1. Wipe Up Your Sweat

Many gyms provide you with a towel when you work out for much the same reasons that hotels provide you with bars of soap. Nobody wants to smell you, nor does anyone want to sit in a puddle of your sweat.

“It’s absolutely gross,” Roger Quiles, FCLC ’09, said. “I hate getting on a machine that’s still wet with someone else’s sweat. Aside from it being gross, it’s completely unsanitary.”

Brian O’Connell, FCLC ’11, added, “If someone has enough time to work out, they have the 30 seconds to wipe it down.”

The gym here is not going to provide you with a towel, so either bring your own or make use of the paper towels and Windex provided in the gym. Always remember to wipe down the machine after you’re done using it; the person next in line will thank you.

2. Work Out

While most of us are exerting ourselves, covered in sweat that may or may not be our own, there are still a few of you who show up to the gym, all dressed up in a fog of Axe cologne or behind a face of painted makeup as if attending a social event.

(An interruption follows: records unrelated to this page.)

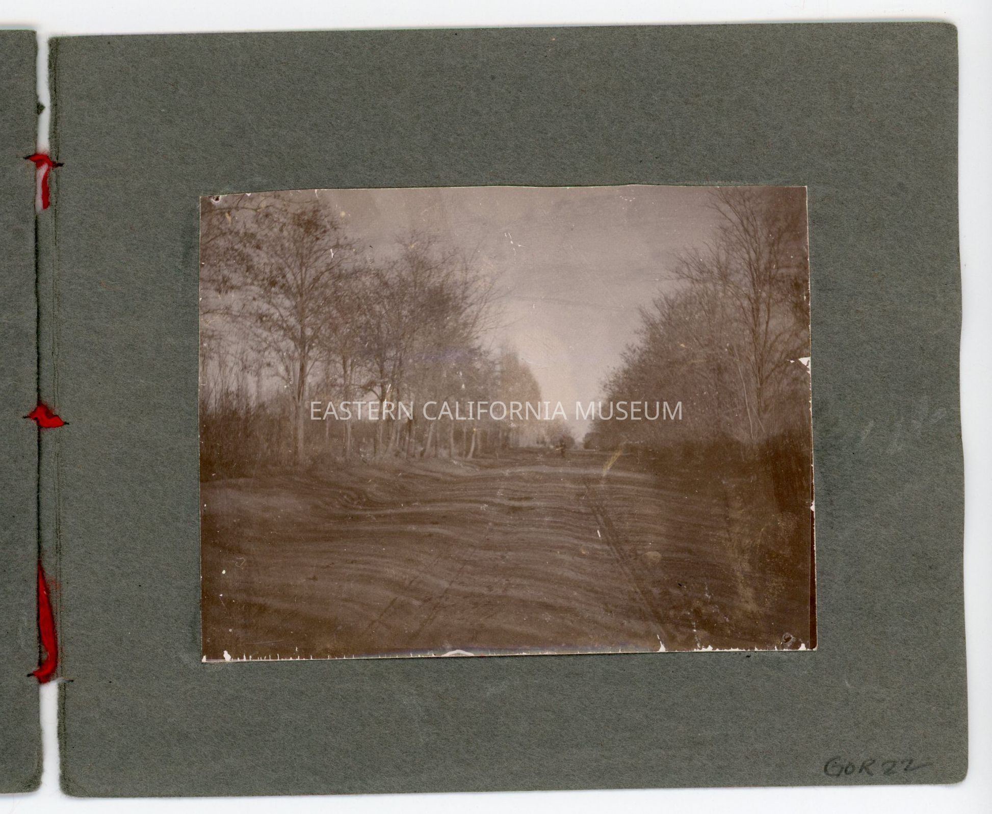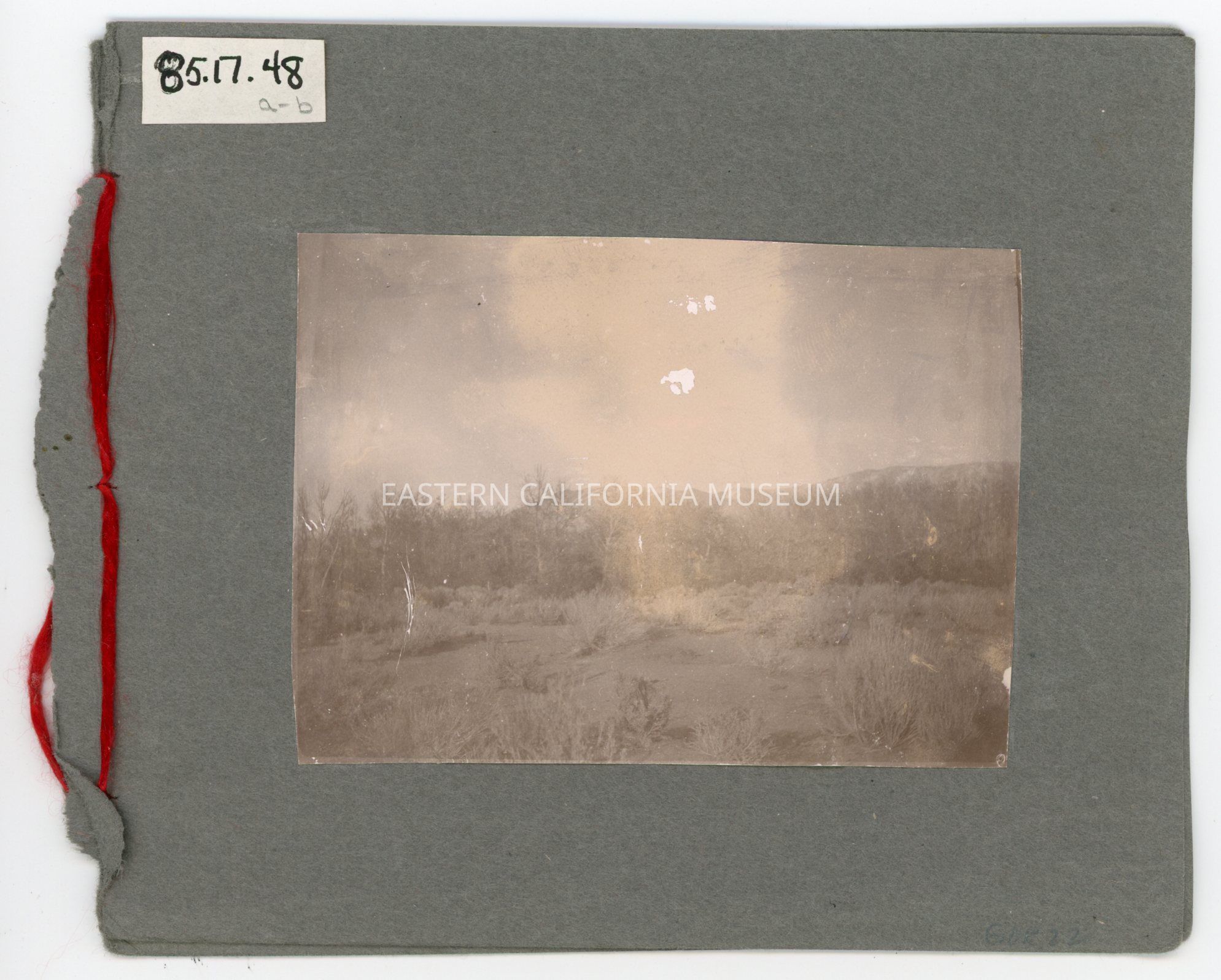 Two photos torn out of an album or scrapbook of Gorman Ranch at Fort Independence. 1985.17.48a--Field 1985.17.48b--Dirt road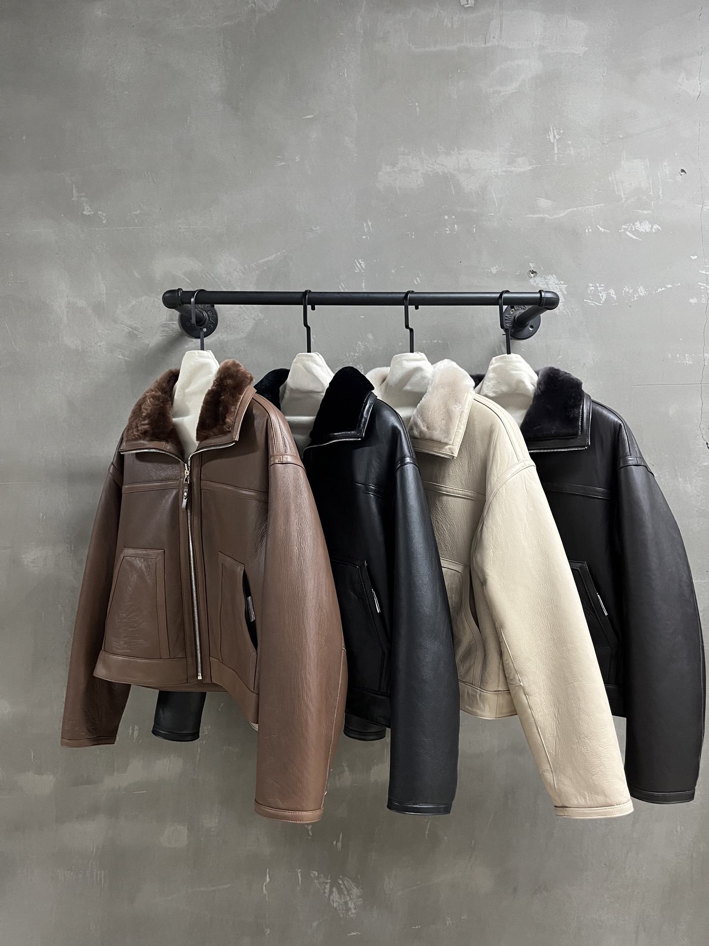 This shearling jacket redefines winter style with its luxurious feel and versatile design.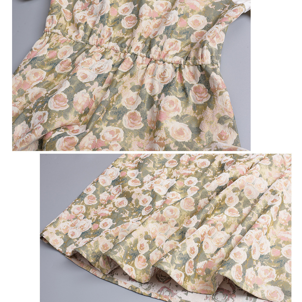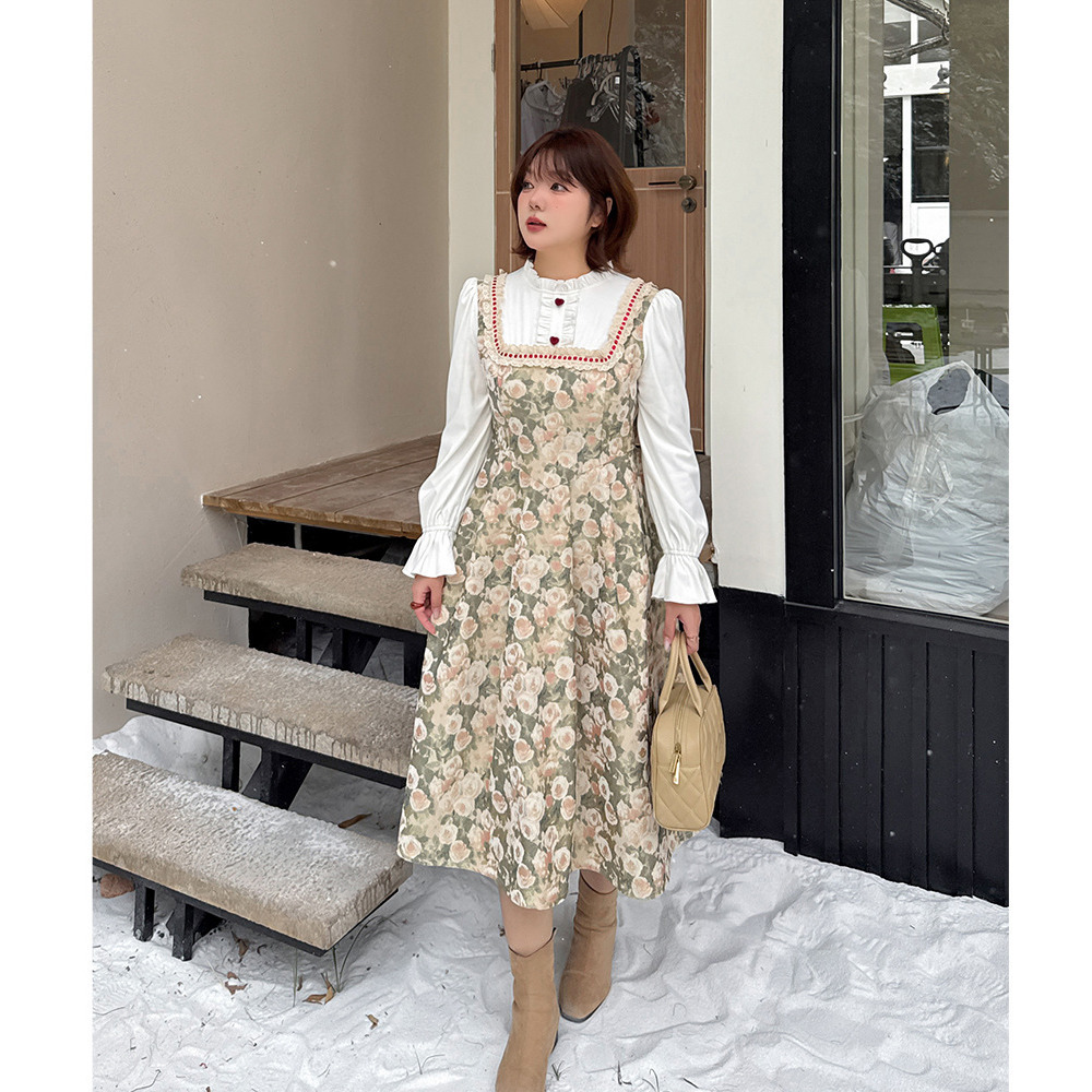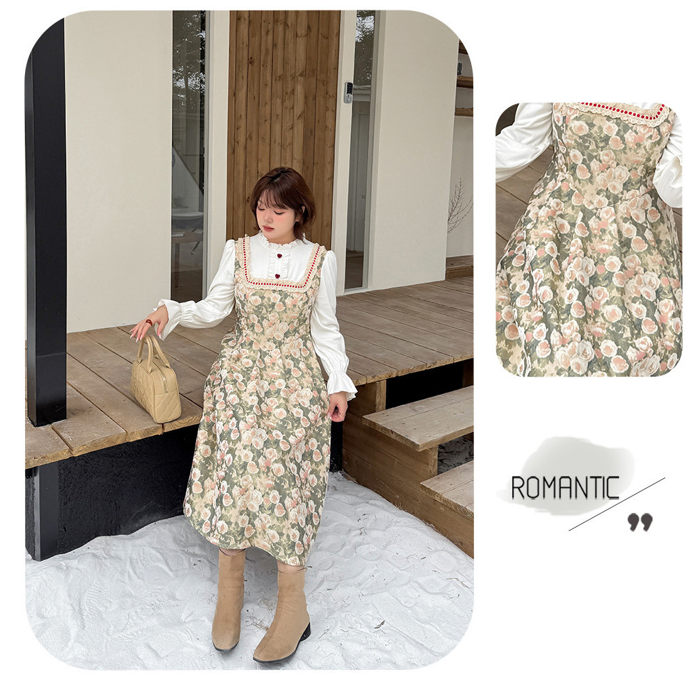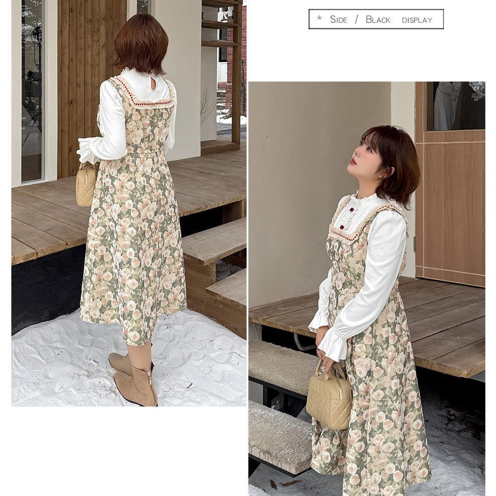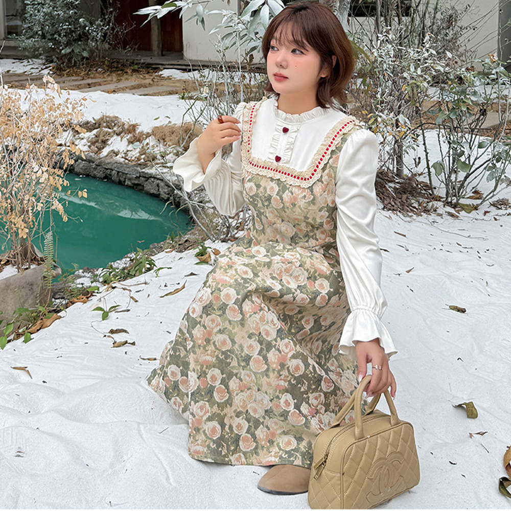 起毛生地ブラウス重ね着風のレトロな花柄ジャガードワンピース

“People wearing street clothes at the gym always bothered me a little bit,” Quiles said. “I’m talking about the girls in hot pants and a sports bra with full makeup on, and the guys in those obscenely low-cut tank tops with super shorts on.”

The gym facilities on campus are cramped enough as it is, even without all the hangers on. Try to refrain from using the gym as a hangout spot. If you’re looking for some fellow Fordhamites to hang out with, take a trip to the cafeteria instead.

3. Stop Trying to Find a Date

Even worse than the people socializing in the gym are the people who are trying to find dates there.

“Picking people up at the gym is questionable,” O’Connell said. “If someone is just walking around hitting on people, that’s not only creepy, but really unnecessary. Go be skeevy somewhere else.”

Hiram Arnaud, FCLC ’10, added, “The gym should be a place in which you concentrate on your goal. In the classroom we concentrate on the lecture; in the gym we should concentrate on the workout.”

Going around the gym and hitting on your classmates is distracting and “more than a little awkward,” Brittany McGrath, FCLC ’08, said. “I just don’t like being approached when I’m obviously busy. It’s not going to work.”

So next time you think going to the gym to score a few phone numbers is a good idea, remember this: everyone around you would like you to stop.

4. Keep Your Eyes to Yourself

Most of the inappropriate eye contact that occurs in the gym is probably accidental; after all, there are only so many ceiling tiles to count when you’re on the exercise bike. But anything that lasts longer than a glance is in the neighborhood of a stare.

Let’s be honest. No one looks his or her hottest when exercising, so awkward eye contact while the both of you are red-cheeked and wiping your sweaty brows should be avoided whenever possible.

“If I’m working out, I don’t want to have to worry about being checked-out when I least expect it,” Madeline Fajardo, FCLC ’09, said.

An unwanted stare at the gym can send other unintended messages, as well.

“If it’s from another guy, it’s an intimidation thing,” said Nick Davoli, FCLC ‘11. “Almost a challenge of ‘this is what I can do, I doubt you can.’”

Regardless of your intention, a word of advice gym-goers: keep the eye-wandering to a minimum.